2024 Office Design Award: Hommeboys Interiors


“We wanted to create an office that was both serene to work in and was representative of our design style,” says Hommeboys Interiors cofounder Austin Carrier. “We focus on materiality in our designs, where everything is created from natural materials.”

In the dining/meeting area, a custom table and vintage Rainer Daumiller chairs sit atop a rug designed by Jake Arnold for Lulu and Georgia. Photos by Adam Potts.

Located on a four-acre property in Sonoma between lush vineyards, the 1,200-square-foot office feels more like one of their custom residential interior projects. An organic palette of lime plaster walls, wenge cabinets, limestone floors and Taj Mahal quartzite counters create a direct reflection of the abounding nature that surrounds the space. “We specialize in luxury residential homes and really wanted this to be a showroom of finishes and feel more like home than commercial,” says Carrier’s cofounder and partner Alex Mutter-Rottmayer. “Being home is where we find comfort, and we wanted that to be emulated in our workspace as well. It serves as a space to bring clients to show them different finishes and applications of materials for their own projects, so they feel more comfortable with more out-of-the-box design decisions as well as being inspired.”

The custom working station area features Eco Outdoor flooring, Eames management chairs, a pendant light from Allied Maker and a table lamp from Ceramicah. Photos by Adam Potts.

Aside from the divine materials and textures that dance throughout the space, a curved staircase is the most enthralling detail in the office. “We had a very narrow space to work with to get the staircase in and we didn’t want it to be a backdoor idea, so we decided to make it a feature,” Carrier remarks. “The whole stair was hand trawled in Venetian plaster, including the rounded railing top.”
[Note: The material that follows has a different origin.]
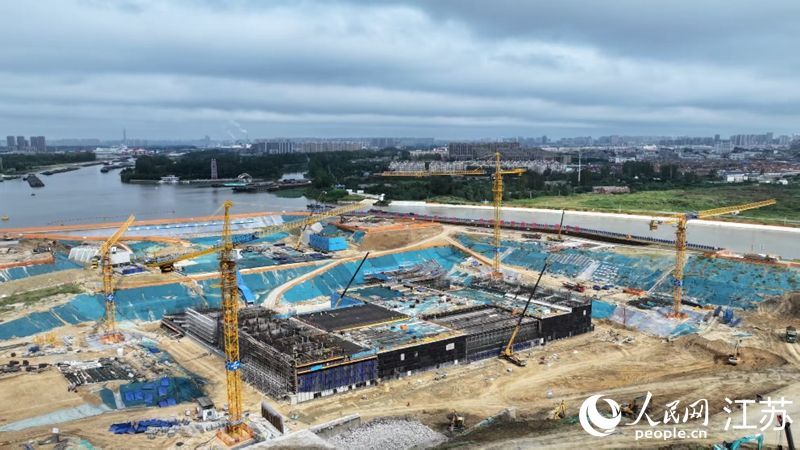 淮河入海水道淮安樞紐二期施工中。人民網記者 馬曉波攝

A Noguchi light illuminates the curved stairwell, which houses a tree planted in a vintage Naga pot.
Photos by Adam Potts.

With so much focus on ensuring the office was warm and inviting, the team could not forget the main purpose—to create a high-functioning office space. “Our biggest design challenge was the desk layout,” says Mutter-Rottmayer. “The space is relatively small and we knew we needed to create space for at least three additional employees beyond ourselves. We designed over a dozen different versions and settled on a galley- style layout with desks at both sides and a long corridor between. One length is a larger desk that Austin and I share, which looks out to the olive grove, while the other side houses three desks that share a long expanse of Taj Mahal stone separated by tall upper cabinets to create individual workspaces. We love this layout because we can all turn around and collaborate on our work together to make it a very creative working space.”

Faucets in the kitchen are from Kallista and the complementary hardware is by Schaub & Company.
Photos by Adam Potts.
The kitchen walls are covered in Rustica by Portola Paints; the artwork is by Adrian Wong. Photos by Adam Potts.

From the attention to material selection to accessories, art and lighting, the Hommeboys Interiors’ studio defies what many might expect of an office. Carrier remarks, “So many design and architecture firms have black-and-white workspaces that feel more corporate, and we really wanted this space to feel unique and true to us.”